[Dataset records]
######
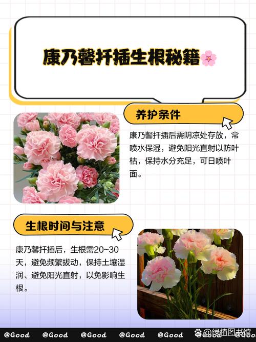 3、康乃馨夏天不可以扦插。以下是具体原因及相关建议:生长环境不适:康乃馨在夏季生长速度较慢,对养分和水分的吸收能力也较弱。此时扦插,康乃馨难以维持自身生长所需的养分和水分,容易导致扦插失败。最佳扦插时间:康乃馨的最佳扦插时间是在春季或秋季。这两个季节的温度和湿度条件更有利于康乃馨的生长和恢复。
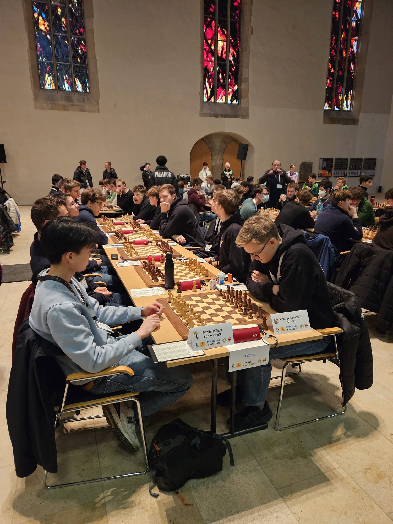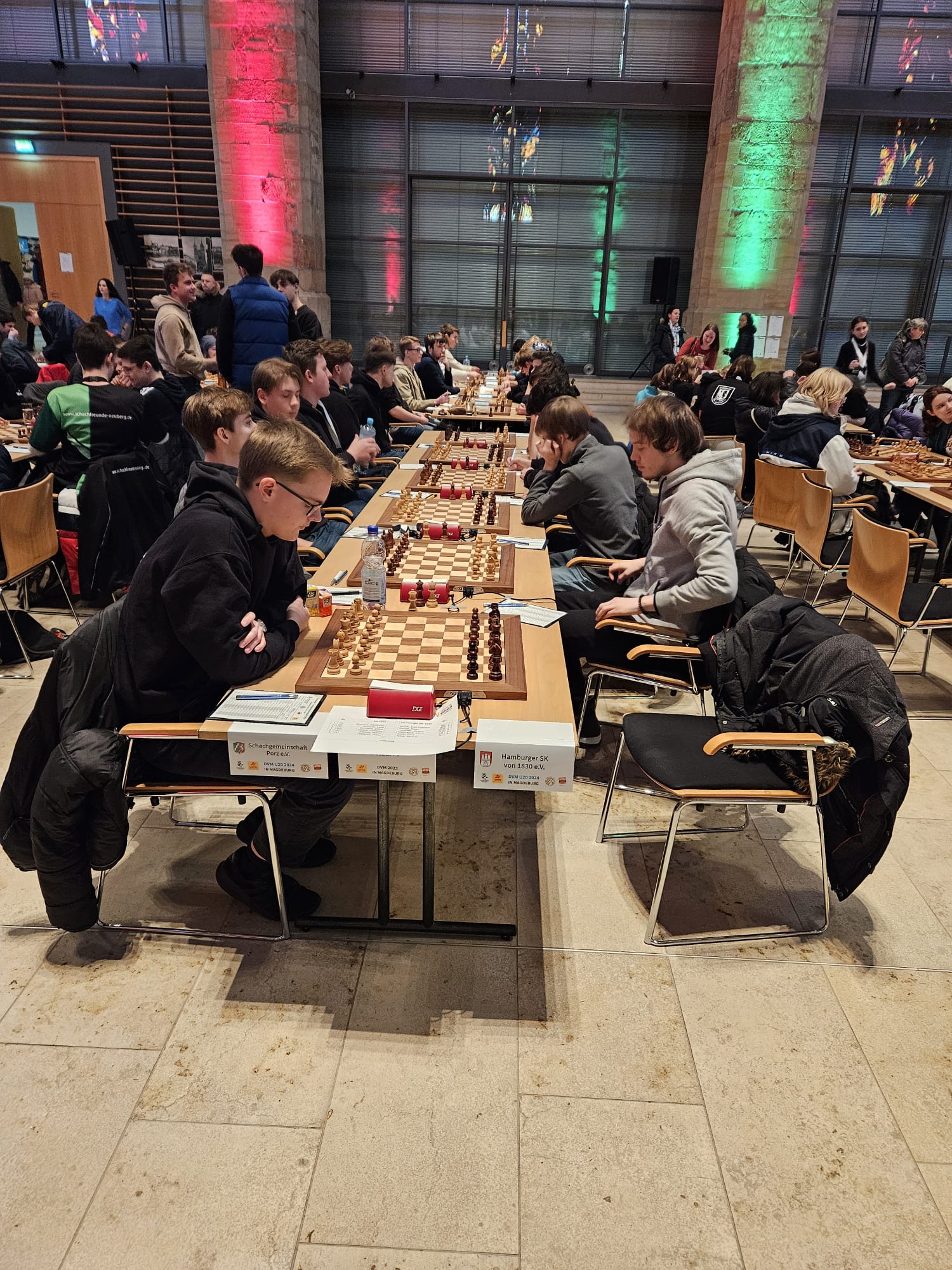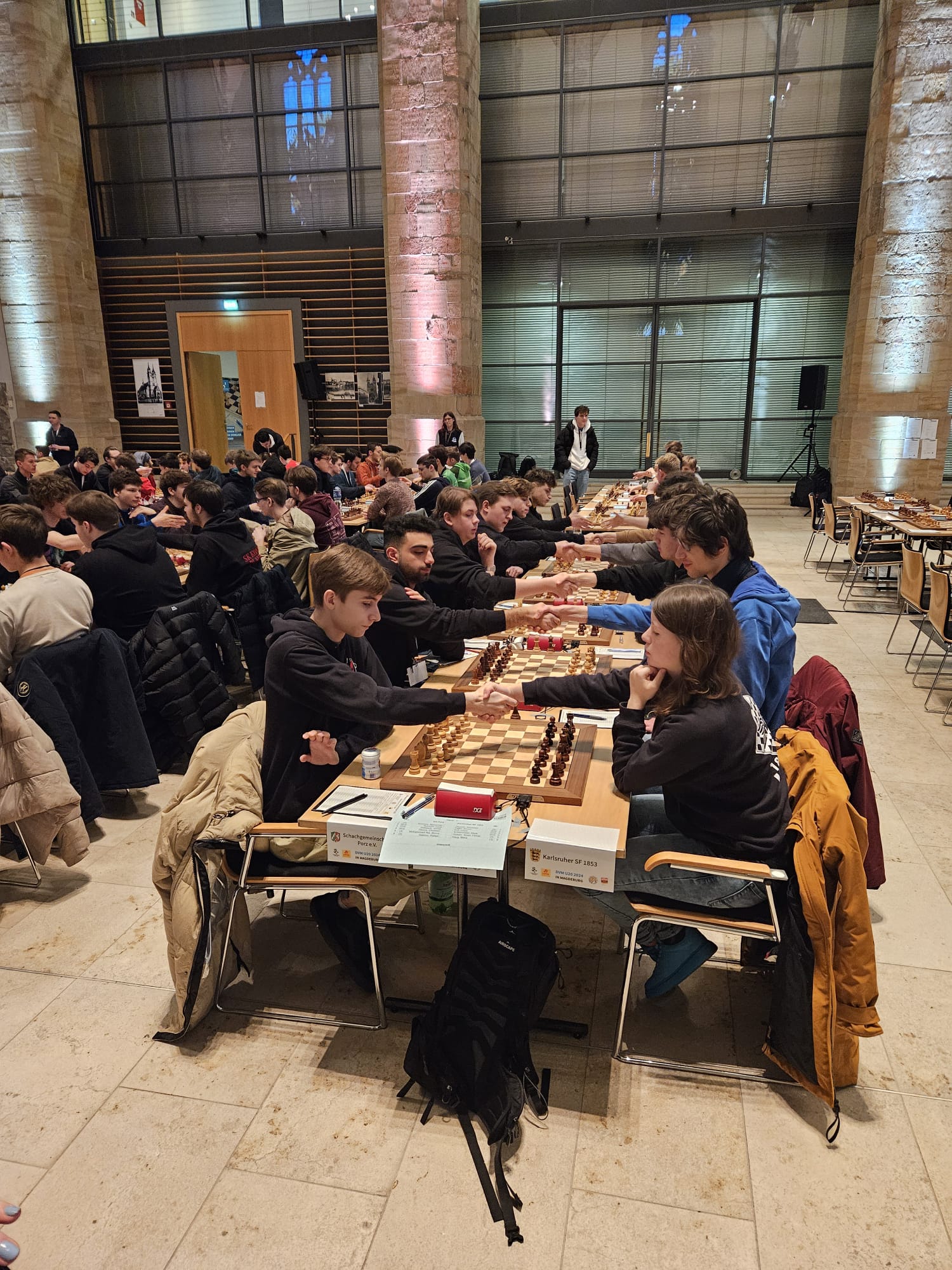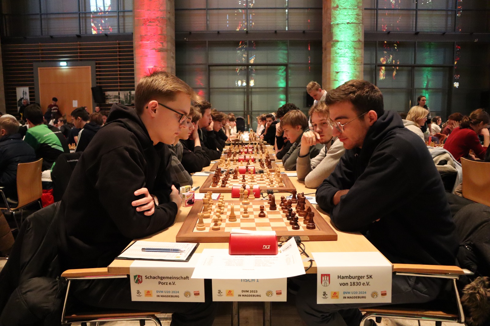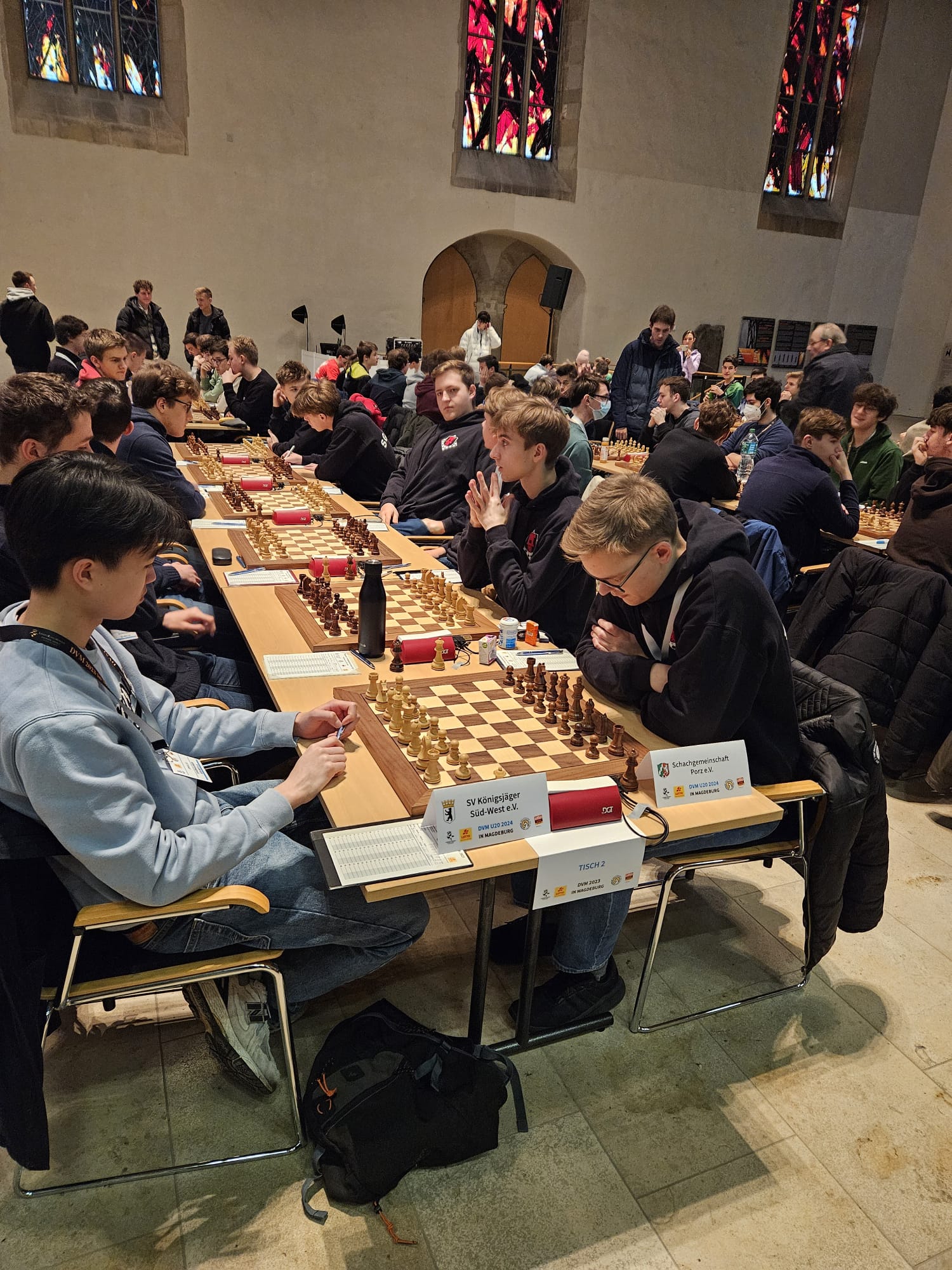 Als eines von acht Porzer Teams brach unsere U20 zur zentralen DVM in Magdeburg auf. Zum letzten Mal konnte der Kern unseres Teams aus dem „goldenen Jahrgang“ 2003 an der DVM teilnehmen und unser Team spielte bis auf wenige Veränderungen zum vierten Mal in derselben Besetzung. Alexander und Luca Suvorov besetzten die Spitzenbretter und Jonas Gallasch war erneut am 3. Brett. An den hinteren drei Brettern der Setzliste saßen erneut Borna Mohammadi Nia, Rafael Sabirov und Robin Gallasch. Die einzige Veränderung zu den letzten zwei Jahren gab es am vierten Brett – unser Neuzugang Christian Gluma (zuvor SG Bochum) nahm den Platz von Laurin Perkampus ein, der in den letzten drei Jahren dabei war, diesmal aber nicht bei der DVM dabei sein konnte und uns aus der Ferne die Daumen drückte.
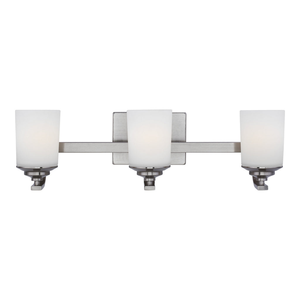 The Kemal three light vanity fixture in brushed nickel offers shadow-free lighting in your powder room, spa, or master bath room.
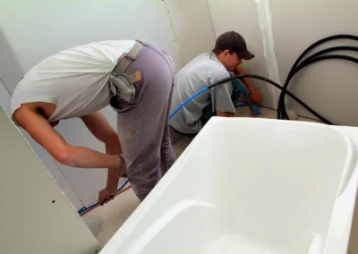 L’intervention commence par une étude précise de l’existant : repérage des arrivées d’eau froide et chaude, évaluation des diamètres de conduites, vérification des pentes d’évacuation et analyse de la capacité du réseau à supporter de nouveaux équipements.
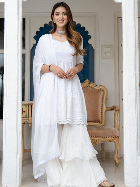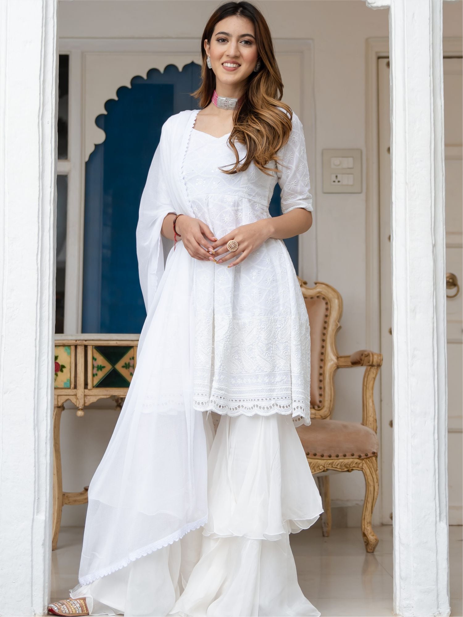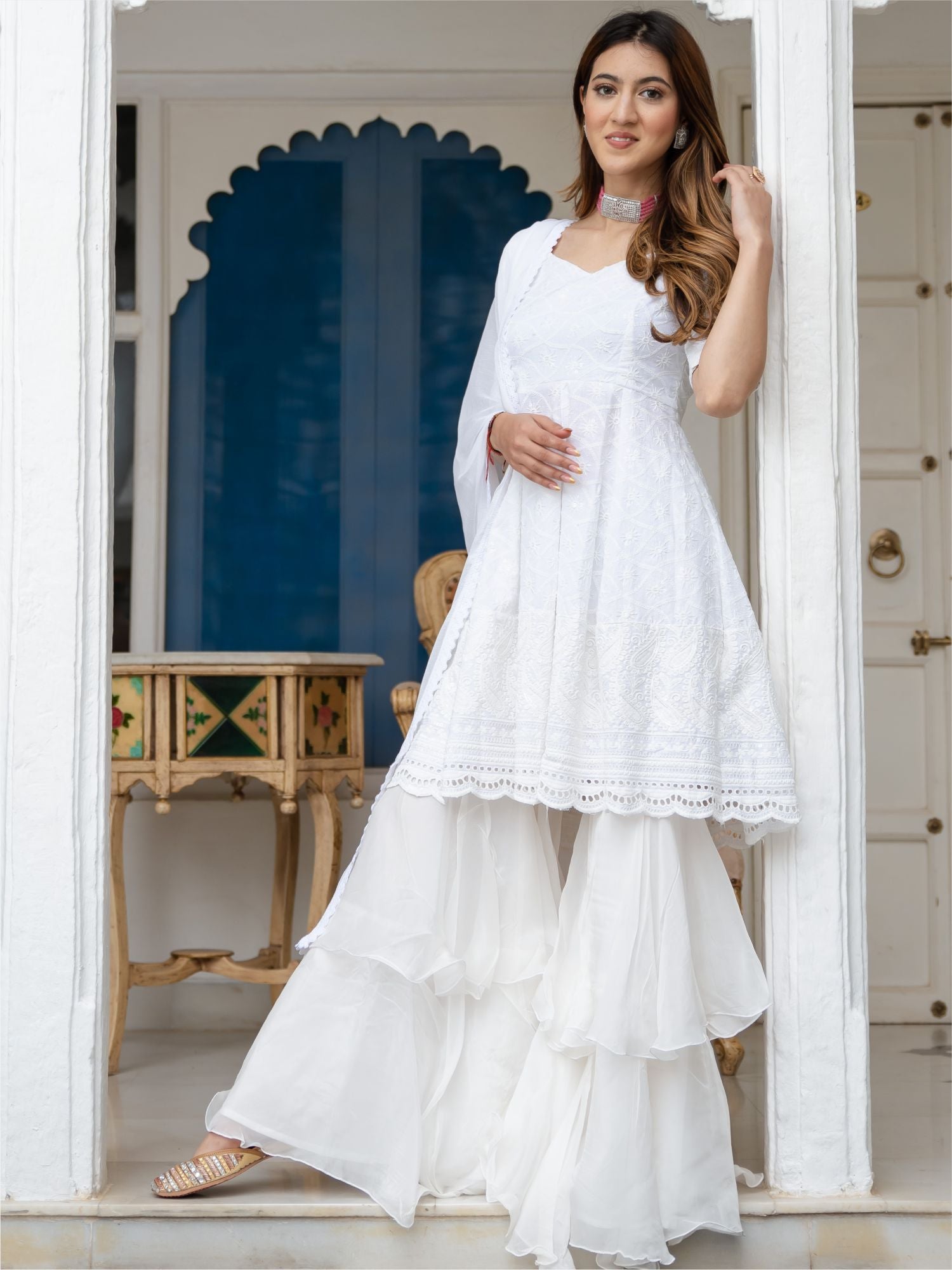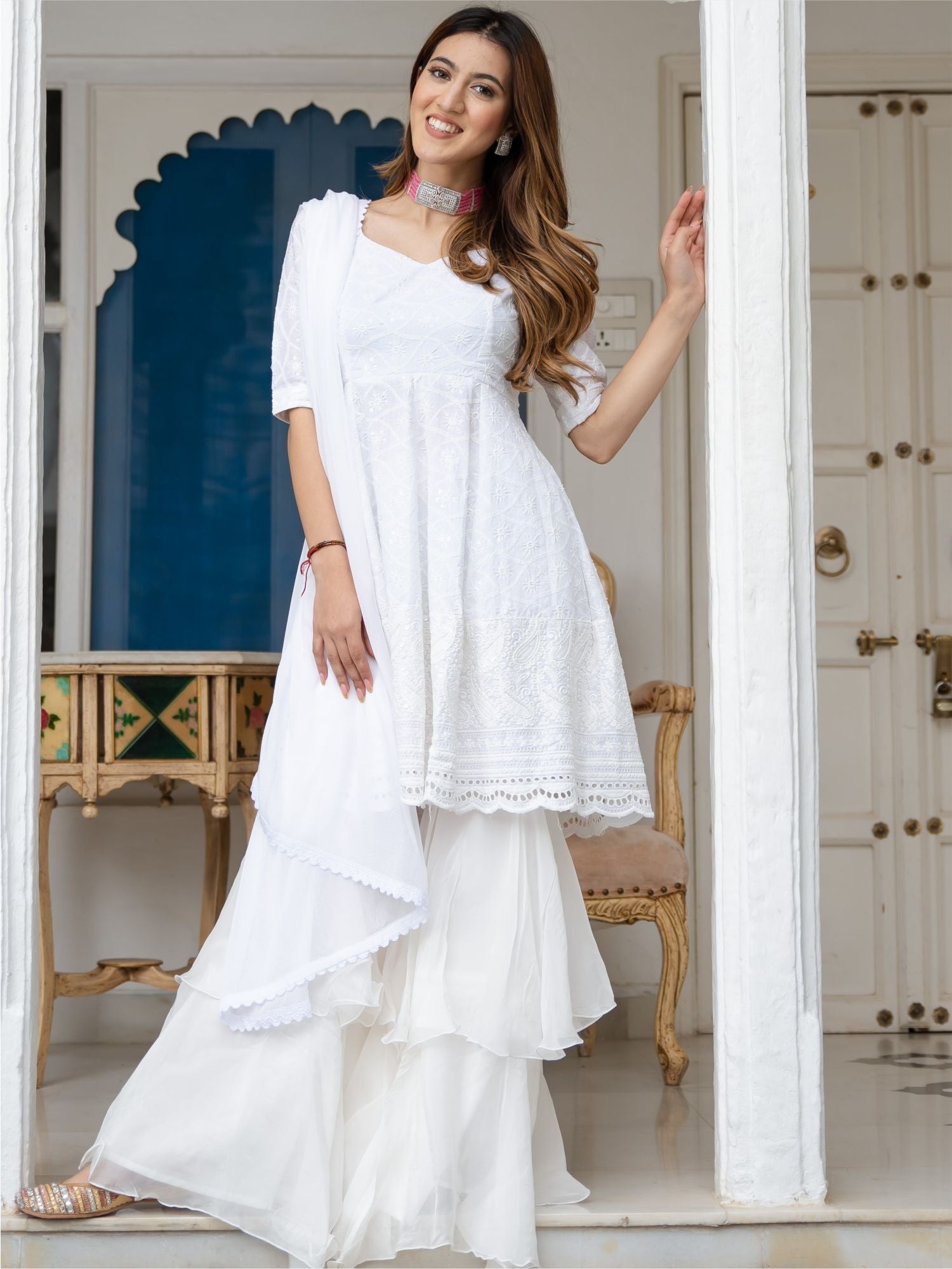 White Cotton Embroidered Short Kurta and Tiered sharara
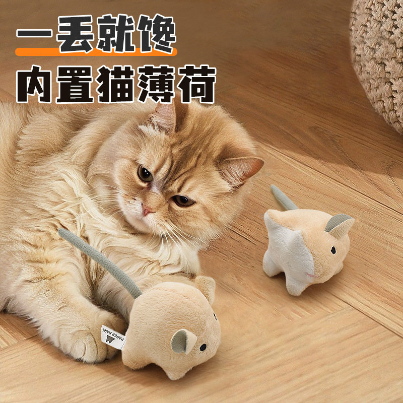 柔らかい手触りが特徴のネズミ型猫用おもちゃで、猫が手で抱きしめたり蹴ったりして遊べます。
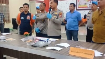 RADARINDO.co.id – Belawan : Kapolres Pelabuhan Belawan AKBP Josua Tampubolon SH, MH, gelar konferensi pers…
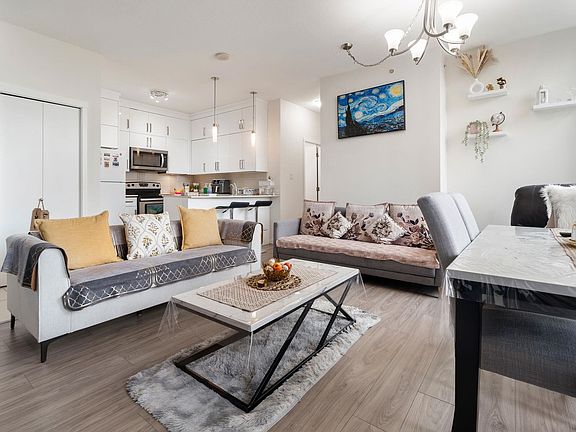 Corner condoOpen and airy layoutSpacious bedroomsStylish finishesNew accent wallUpgraded fridge and dishwasherFull kitchen
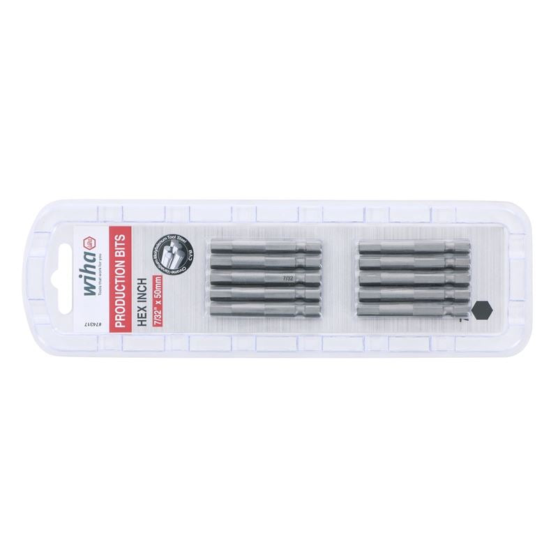 Hex Inch Power Bit 7/32in x 50mm 10 bit packHex Power Bits With Exact Fit Machined Tips WIHA Exclusive CRM-72 Modified Tool SteelMaximum Performance Through HardenedNatural Blasted FinishStandard 1/4in Hex DriveGuaranteed Quality Made in Germany
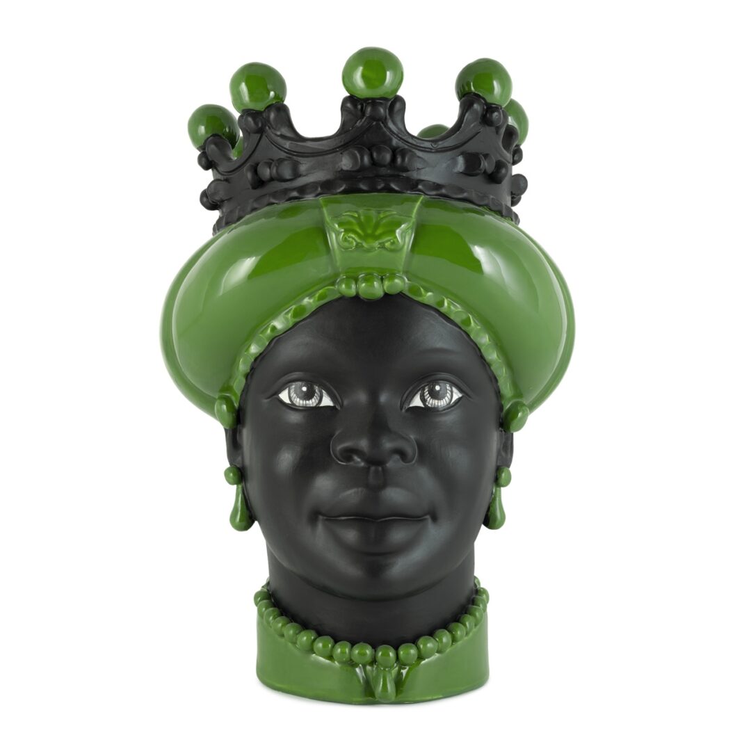 Ваза MORO LADY CROWN DARK — это уникальное изделие эксклюзивного производства итальянской фабрики ABHIKA. Ваза выполнена в форме головы, каждая деталь которой тщательно проработана и смоделирована вручную, что подчеркивает мастерство и индивидуальность. Все украшения на вазе также нанесены и расписаны вручную, что делает каждую вазу по-настоящему уникальной.
######
### ASSIGNED TASK
When you print the records above, keep them exact and leave out the pictures.

### EXERCISE OUTPUT
 3、康乃馨夏天不可以扦插。以下是具体原因及相关建议:生长环境不适:康乃馨在夏季生长速度较慢,对养分和水分的吸收能力也较弱。此时扦插,康乃馨难以维持自身生长所需的养分和水分,容易导致扦插失败。最佳扦插时间:康乃馨的最佳扦插时间是在春季或秋季。这两个季节的温度和湿度条件更有利于康乃馨的生长和恢复。
 Als eines von acht Porzer Teams brach unsere U20 zur zentralen DVM in Magdeburg auf. Zum letzten Mal konnte der Kern unseres Teams aus dem „goldenen Jahrgang“ 2003 an der DVM teilnehmen und unser Team spielte bis auf wenige Veränderungen zum vierten Mal in derselben Besetzung. Alexander und Luca Suvorov besetzten die Spitzenbretter und Jonas Gallasch war erneut am 3. Brett. An den hinteren drei Brettern der Setzliste saßen erneut Borna Mohammadi Nia, Rafael Sabirov und Robin Gallasch. Die einzige Veränderung zu den letzten zwei Jahren gab es am vierten Brett – unser Neuzugang Christian Gluma (zuvor SG Bochum) nahm den Platz von Laurin Perkampus ein, der in den letzten drei Jahren dabei war, diesmal aber nicht bei der DVM dabei sein konnte und uns aus der Ferne die Daumen drückte.
 The Kemal three light vanity fixture in brushed nickel offers shadow-free lighting in your powder room, spa, or master bath room.
 L’intervention commence par une étude précise de l’existant : repérage des arrivées d’eau froide et chaude, évaluation des diamètres de conduites, vérification des pentes d’évacuation et analyse de la capacité du réseau à supporter de nouveaux équipements.
 White Cotton Embroidered Short Kurta and Tiered sharara
 柔らかい手触りが特徴のネズミ型猫用おもちゃで、猫が手で抱きしめたり蹴ったりして遊べます。
 RADARINDO.co.id – Belawan : Kapolres Pelabuhan Belawan AKBP Josua Tampubolon SH, MH, gelar konferensi pers…
 Corner condoOpen and airy layoutSpacious bedroomsStylish finishesNew accent wallUpgraded fridge and dishwasherFull kitchen
 Hex Inch Power Bit 7/32in x 50mm 10 bit packHex Power Bits With Exact Fit Machined Tips WIHA Exclusive CRM-72 Modified Tool SteelMaximum Performance Through HardenedNatural Blasted FinishStandard 1/4in Hex DriveGuaranteed Quality Made in Germany
 Ваза MORO LADY CROWN DARK — это уникальное изделие эксклюзивного производства итальянской фабрики ABHIKA. Ваза выполнена в форме головы, каждая деталь которой тщательно проработана и смоделирована вручную, что подчеркивает мастерство и индивидуальность. Все украшения на вазе также нанесены и расписаны вручную, что делает каждую вазу по-настоящему уникальной.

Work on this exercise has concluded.